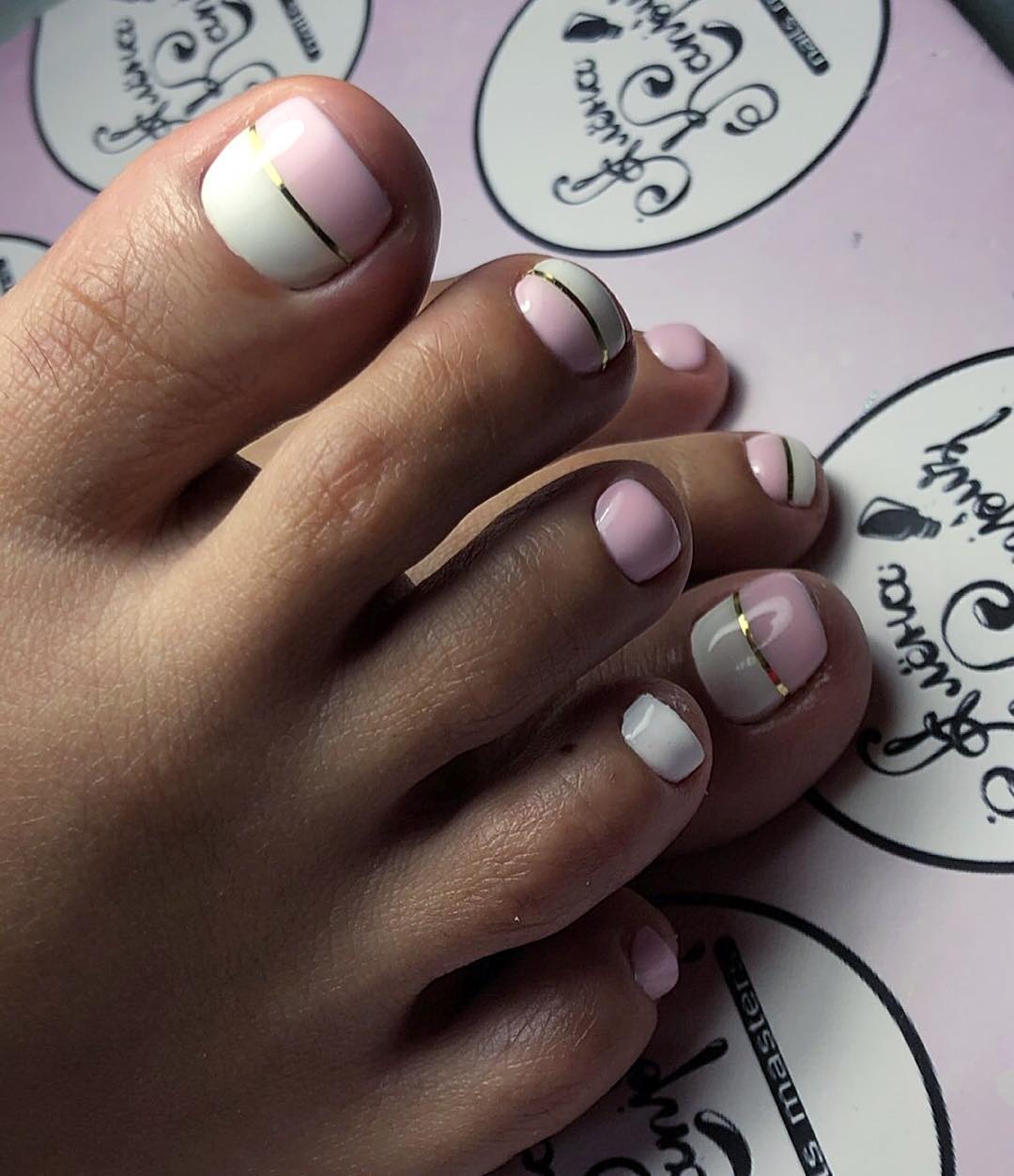 Такой педикюр подойдет любительницам романтичного стиля в одежде. Он предполагает нежное сочетание оттенков и отсутствие графичных линий.
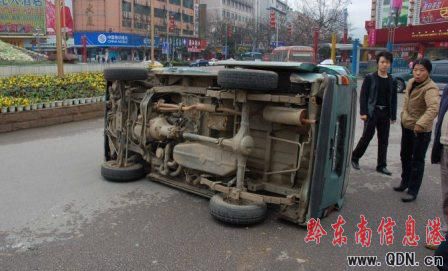 凱里市市中心大十字,一輛微型面包車與一輛小轎車發生擦掛,導致面包車側翻,所幸無人員傷亡。(吳攝)
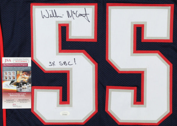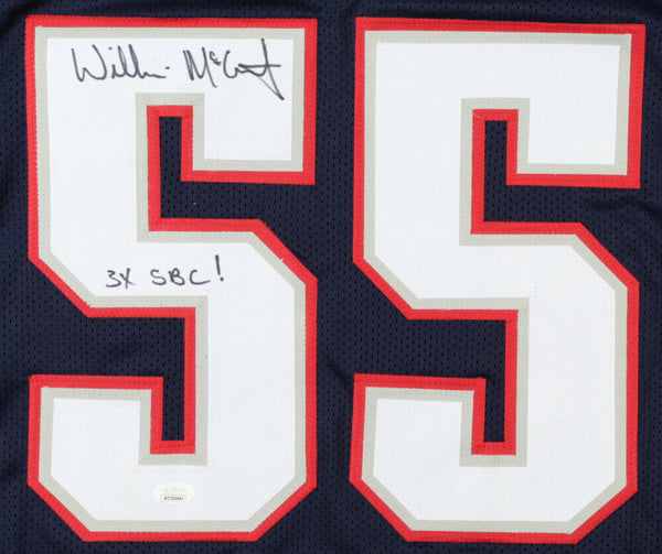 Custom on-field style jersey. Everything sewn on, size XL. Hand-signed in black felt-tip pen by Willie McGinest. The lot / autograph(s) includes an official James Spence Authentication (JSA) hologram and matching COA for authenticity purposes. The signing of this item was witnessed by JSA.Authentication: JSA COA
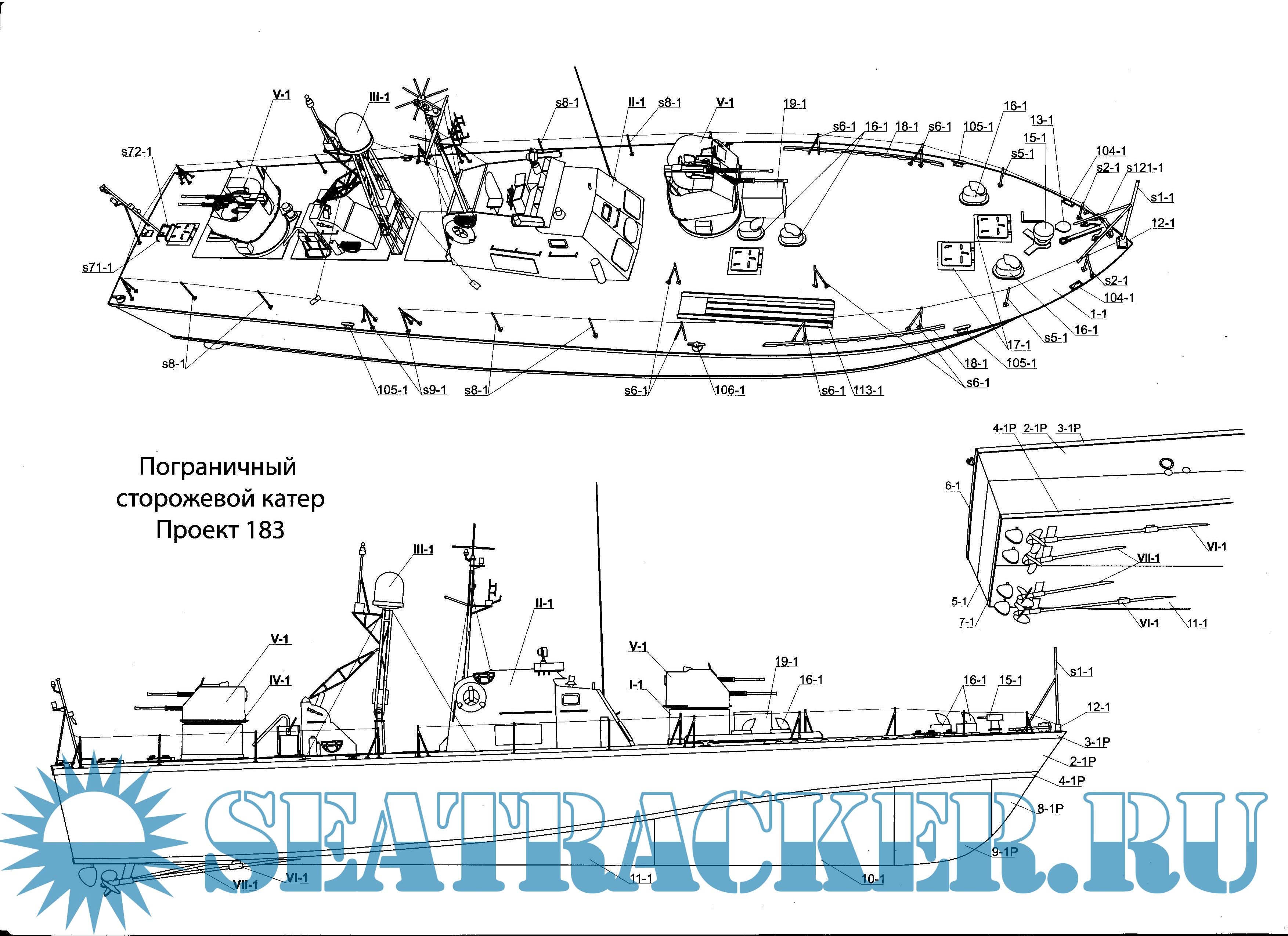 23 листа цветных выкроек и инструкций для изготовления бумажной модели большого торпедного катера или пограничного катера проекта 183 или катера-цели проекта 183Ц (шифр "Большевик") в масштабе 1:100
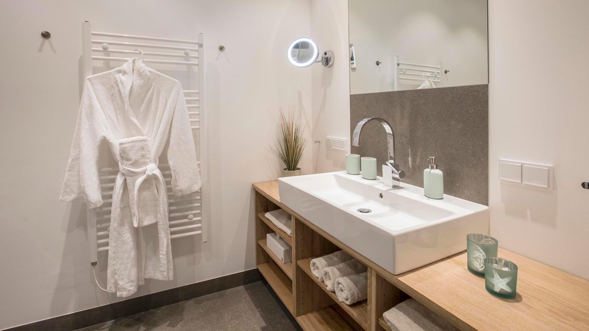Die 2 Badezimmer en suite, sind jeweils mit ebenerdiger Regendusche, Massivholz-Waschtisch und Fußbodenheizung ausgestattet.
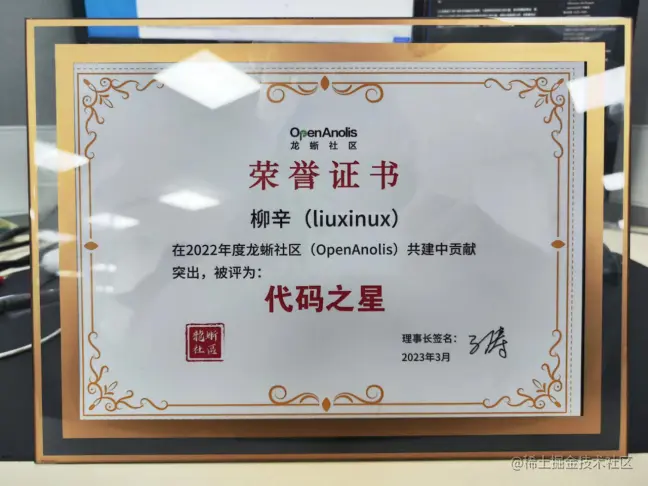在过去的一年,我也获得了 “ 2022 龙蜥社区年度优秀贡献奖-代码之星”奖项,我也会保持热爱,一直为开源贡献出自己的力量。
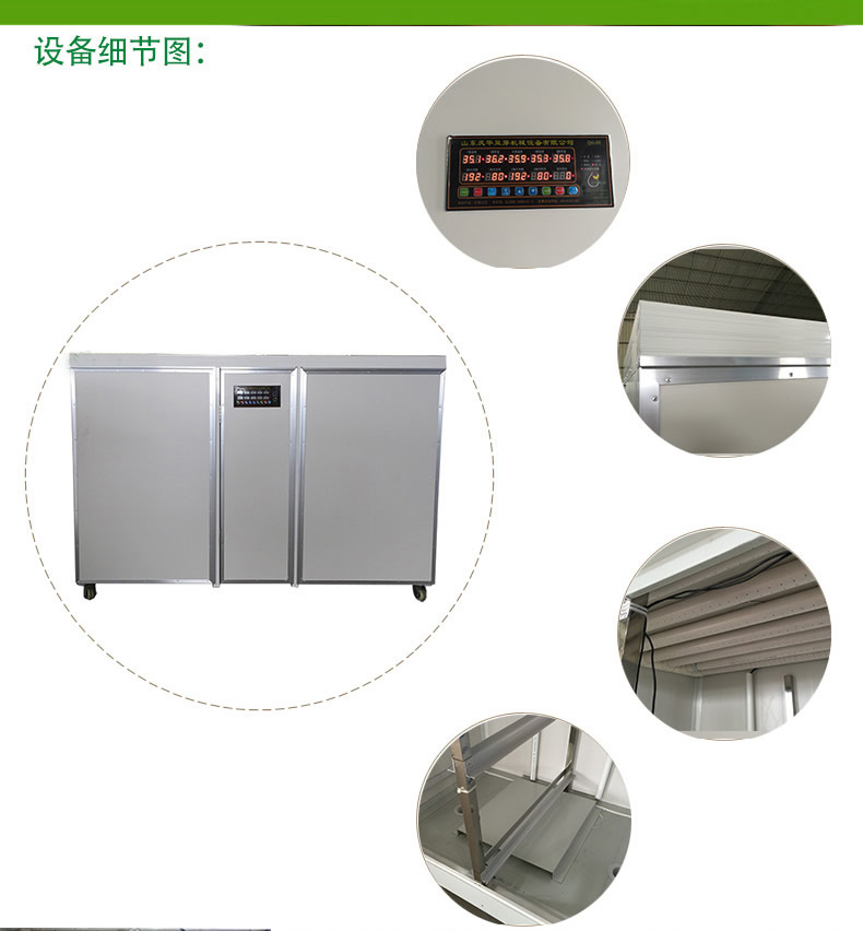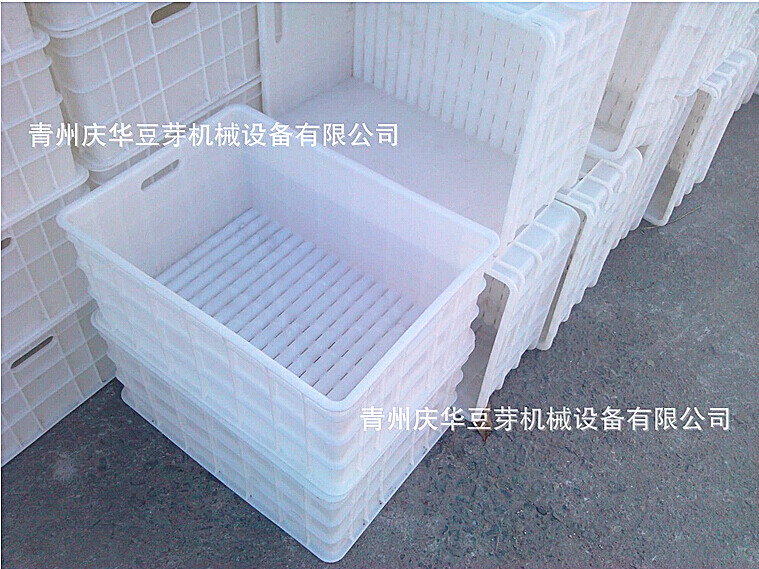 2、主要用途: 廣泛適用于大型戶 3.豆芽生產(chǎn)流程: 選擇芽豆 →→ 對(duì)豆種清洗并做無(wú)菌處理 →→ 浸種(適宜水溫) →→ 裝機(jī)(每箱約5斤干豆) →→ 啟動(dòng)豆芽機(jī),設(shè)定合理參數(shù) →→ 對(duì)育芽室做無(wú)菌處理 →→ 1天后觀察豆芽生長(zhǎng)情況 →→ 2天后觀察豆芽生長(zhǎng)情況 →→ 3天后觀察豆芽情況 →→ 4天后收獲豆芽 →→ 豆芽清洗后包裝,上市。 4、豆芽機(jī)制造流程: 5、豆芽機(jī)產(chǎn)品特點(diǎn): 5)減少爛芽現(xiàn)象。豆芽生長(zhǎng)的爛芽現(xiàn)象多發(fā)生在培育后的三天左右,由于手工生產(chǎn)豆芽的周期長(zhǎng),易出現(xiàn)爛芽現(xiàn)象,然而采用豆芽機(jī)生產(chǎn),三天左右豆芽已經(jīng)成熟,可以采收食用,不會(huì)有爛芽現(xiàn)象發(fā)生。 6、豆芽機(jī)結(jié)構(gòu)特點(diǎn)及功能(可根據(jù)客戶需要訂做): 4)周轉(zhuǎn)箱的外徑尺寸:0.61m*0.44m*0.26m(長(zhǎng)寬高),特點(diǎn):波浪底,食品級(jí)的環(huán)保LLDPE材料,無(wú)味,結(jié)實(shí)不變形,不變色,承載強(qiáng)度大,長(zhǎng)條形排水孔,豆芽不堵孔,不積水存水,透水效果好,防止?jié)穸冗^(guò)大而導(dǎo)致?tīng)€牙。 7、價(jià)格:價(jià)格即可購(gòu)得
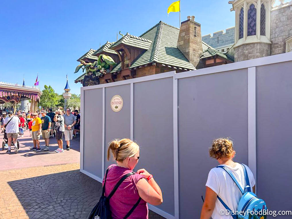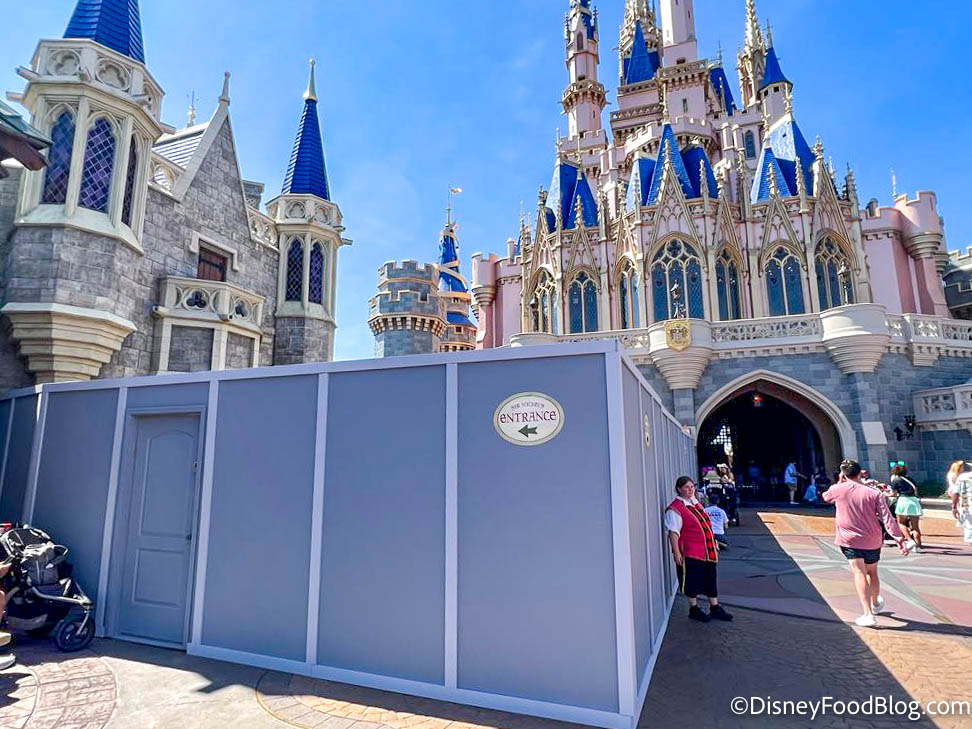 If you’re hoping to get some gorgeous behind-the-castle shots, know that they’ll be impacted by these walls, and you’ll want to follow the signage carefully to find the entrance to Sir Mickey’s.
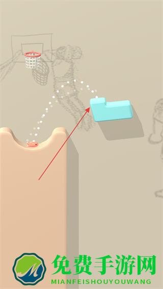 3、从篮球框弹出后,引导小鱼儿落在蓝色平台上,确保落点准确。
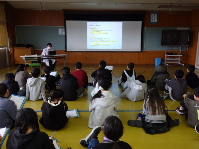 先週2月19日(木)の5限、視聴覚室で、6年生の「薬物乱用防止教室」を行いました。星薬剤師さんに来校していただき、お話をしていただきました。子どもたちは、星薬剤師さんのプレゼンを見て話を聞き、一生懸命にメモしていました。貴重な学びの時間となりました。
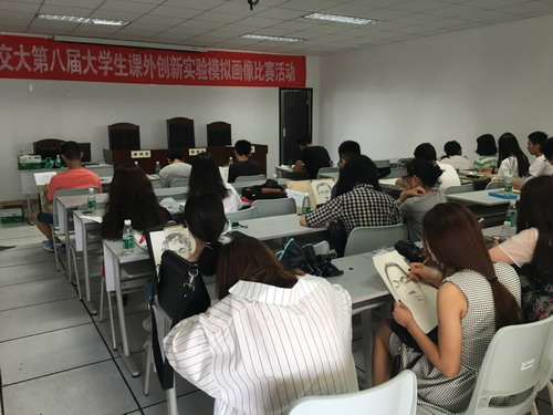 本次活动得到了实验室及设备管理处的宋世军老师、牟茁老师和公司领导雷经理的大力支持,活动全程由公共管理与政法公司刑侦实验室高级工程师申瑢老师统一策划、组织、安排和具体实施。同时,老员工法律协会的同学们做了大量工作,协助办好这次活动,使本次 “模拟画像比赛”活动圆满举行。参赛队员有的来自公共与政法公司的法学专业、有的来自建筑与设计公司的设计专业,还有的来自土木公司、经管公司的同学,竞赛活动实现了多学科交叉融合发展。活动刚开始,指导老师申瑢老师给参赛同学们讲了什么是模拟画像以及模拟画像的意义,接着又讲了比赛的相关规则,并且告诉选手要认真分析模拟画像要求,其间体现了法律与艺术的结合,不能单单追求艺术性,必须要理解并按照目击证人的口述的信息来完成。紧接着,申瑢老师介绍了此次比赛的要求内容,给出目击证人对犯罪嫌疑人的体貌特征的描述,如年龄、脸型,及哪里有疤痕、痣等信息,要求参赛队员在规定时间完成。看了这个描述之后,参赛队员个个有跃跃欲试的冲动,同时丝毫不敢松懈。14时15分,现场的选手正式开始作画,选手中有的是独自参赛,也有两人组团,参赛选手中,不少同学有绘画功底,很短的时间里就将人物的大致轮廓勾勒出来。而没有绘画功底的同学,丝毫不受影响,专心做自己的作品,认真的态度值得表扬。大家都全身心地投入,认真对待,在比赛期间,指导老师申瑢积极指导,提出了自己的建议,提醒参赛同学要注意哪些地方,指出同学们作品中存在的问题。并且还拿出了自己画的素描头像作品以供选手参考学习。
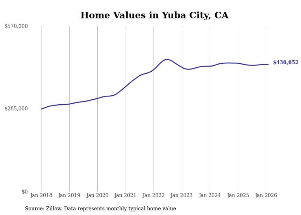 compiled a list of cities with the most expensive homes in the Yuba City metro area using data from . Charts show the monthly typical home value since January 2018. All 21 cities and towns with data available were included in the list.
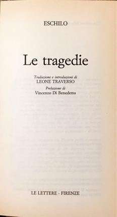 Le tragedie. Traduzione e introduzioni di Leone Traverso. Prefazione di Vincenzo di Benedetto.
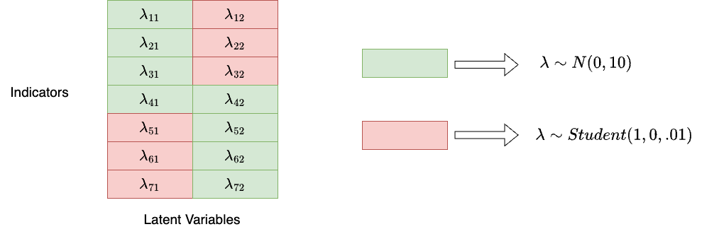 The general idea is that we assign a uninformative prior distribution for “main” factor loadings, and assign informative “close-to-zero” prior distribution for “zero” factor loadings:
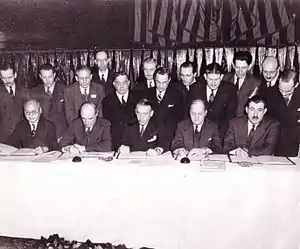 The document was signed on December 7, 1944, in Chicago by 52 signatory states.[3] It received the requisite 26th ratification on March 5, 1947, and went into effect on April 4, 1947, the same date that ICAO came into being. In October of the same year, ICAO became a specialized agency of the United Nations Economic and Social Council (ECOSOC). The convention has since been revised eight times (in 1959, 1963, 1969, 1975, 1980, 1997, 2000 and 2006).[2]
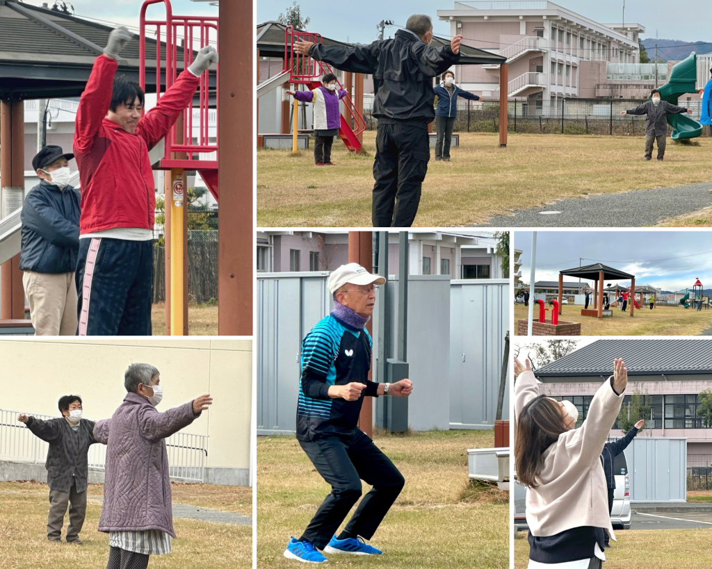 2日間とも天気に恵まれ、開始よりも早い時間から住民さんが集まり、澄んだ空気の中で元気に身体を動かしました! この2日間でだいぶ冬らしい気温になりましたが、キリッと気持ちを引き締め、充実した時間を過ごすことができました。次回の開催時は更に寒くなりそうですが、皆で健康増進に努めましょう!

****************

The line that contains "The general idea" opens the part to copy, and the last line of the records closes it; set down those lines exactly, pictures excluded.

» **Completed task**:
 The general idea is that we assign a uninformative prior distribution for “main” factor loadings, and assign informative “close-to-zero” prior distribution for “zero” factor loadings:
 The document was signed on December 7, 1944, in Chicago by 52 signatory states.[3] It received the requisite 26th ratification on March 5, 1947, and went into effect on April 4, 1947, the same date that ICAO came into being. In October of the same year, ICAO became a specialized agency of the United Nations Economic and Social Council (ECOSOC). The convention has since been revised eight times (in 1959, 1963, 1969, 1975, 1980, 1997, 2000 and 2006).[2]
 2日間とも天気に恵まれ、開始よりも早い時間から住民さんが集まり、澄んだ空気の中で元気に身体を動かしました! この2日間でだいぶ冬らしい気温になりましたが、キリッと気持ちを引き締め、充実した時間を過ごすことができました。次回の開催時は更に寒くなりそうですが、皆で健康増進に努めましょう!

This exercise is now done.